Your objective
What must be handed in is the entire listing, exactly as written, with no pictures.

Dataset excerpt
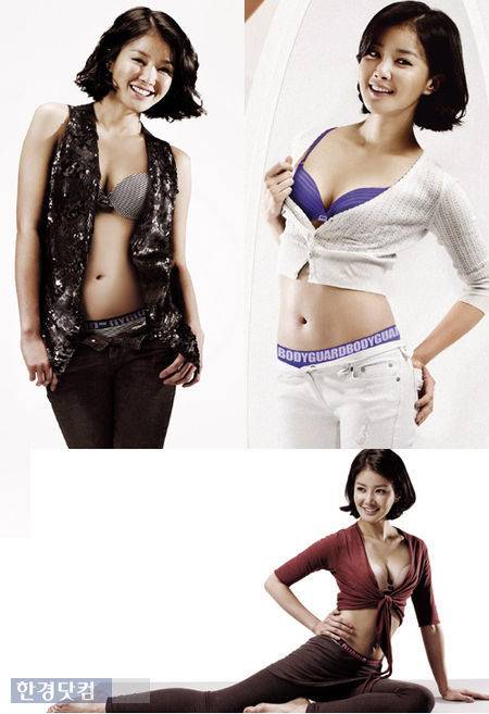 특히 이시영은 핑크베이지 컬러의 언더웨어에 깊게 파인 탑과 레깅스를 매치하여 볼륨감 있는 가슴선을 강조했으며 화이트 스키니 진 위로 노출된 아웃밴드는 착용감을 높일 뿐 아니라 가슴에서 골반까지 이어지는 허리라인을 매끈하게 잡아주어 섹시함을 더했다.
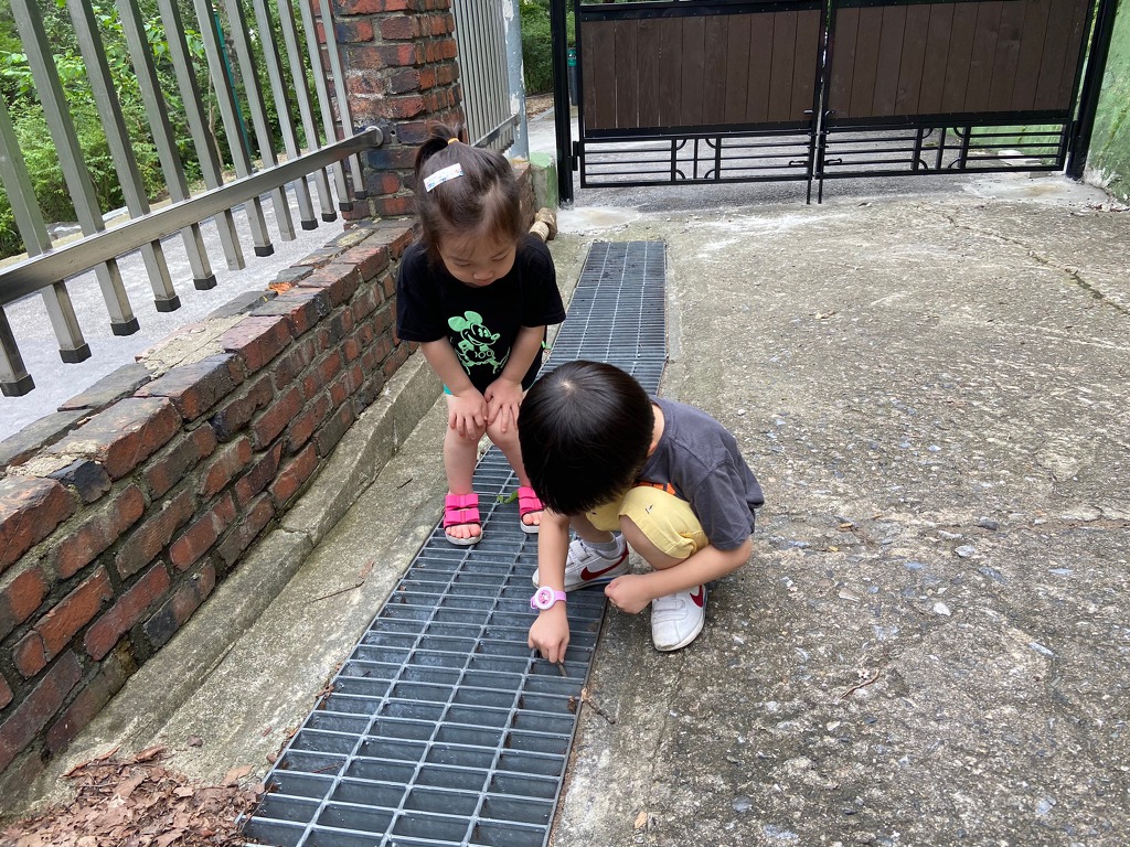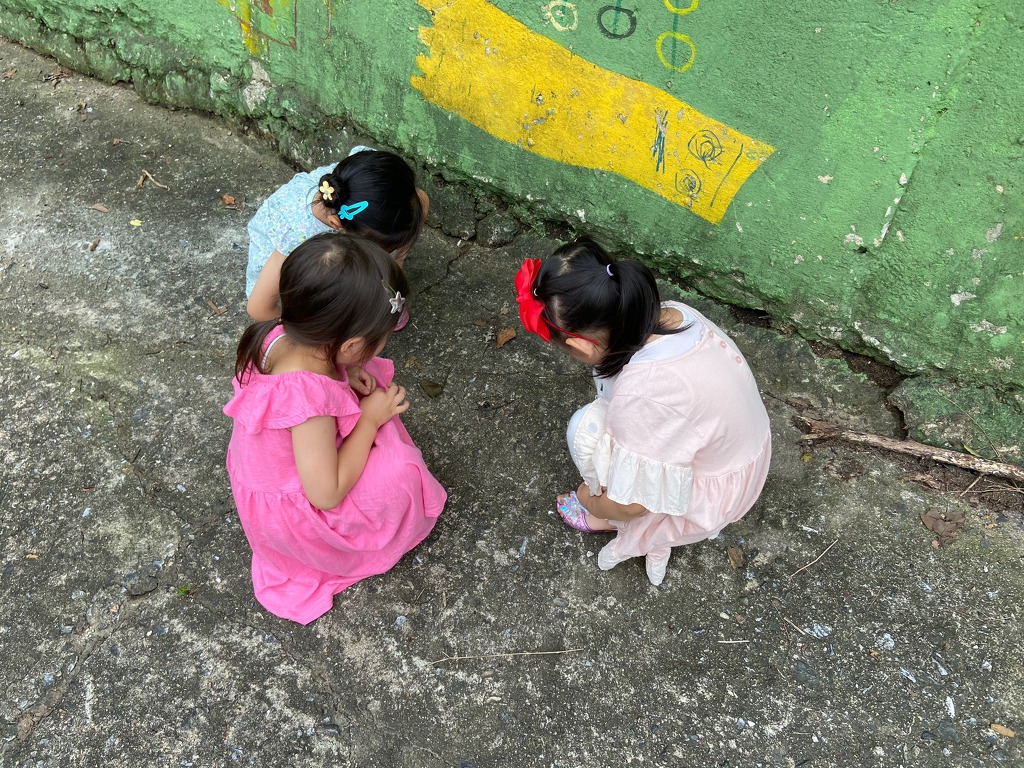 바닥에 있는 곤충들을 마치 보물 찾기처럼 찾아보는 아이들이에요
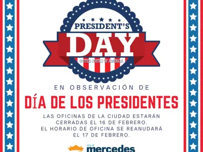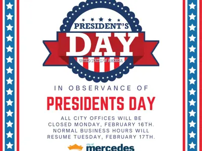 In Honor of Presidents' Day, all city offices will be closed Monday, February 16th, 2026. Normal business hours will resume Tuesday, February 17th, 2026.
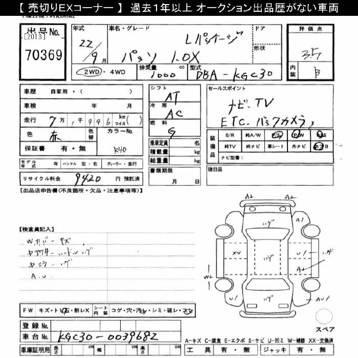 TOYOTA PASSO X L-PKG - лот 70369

Response to the task
 특히 이시영은 핑크베이지 컬러의 언더웨어에 깊게 파인 탑과 레깅스를 매치하여 볼륨감 있는 가슴선을 강조했으며 화이트 스키니 진 위로 노출된 아웃밴드는 착용감을 높일 뿐 아니라 가슴에서 골반까지 이어지는 허리라인을 매끈하게 잡아주어 섹시함을 더했다.
 바닥에 있는 곤충들을 마치 보물 찾기처럼 찾아보는 아이들이에요
 In Honor of Presidents' Day, all city offices will be closed Monday, February 16th, 2026. Normal business hours will resume Tuesday, February 17th, 2026.
 TOYOTA PASSO X L-PKG - лот 70369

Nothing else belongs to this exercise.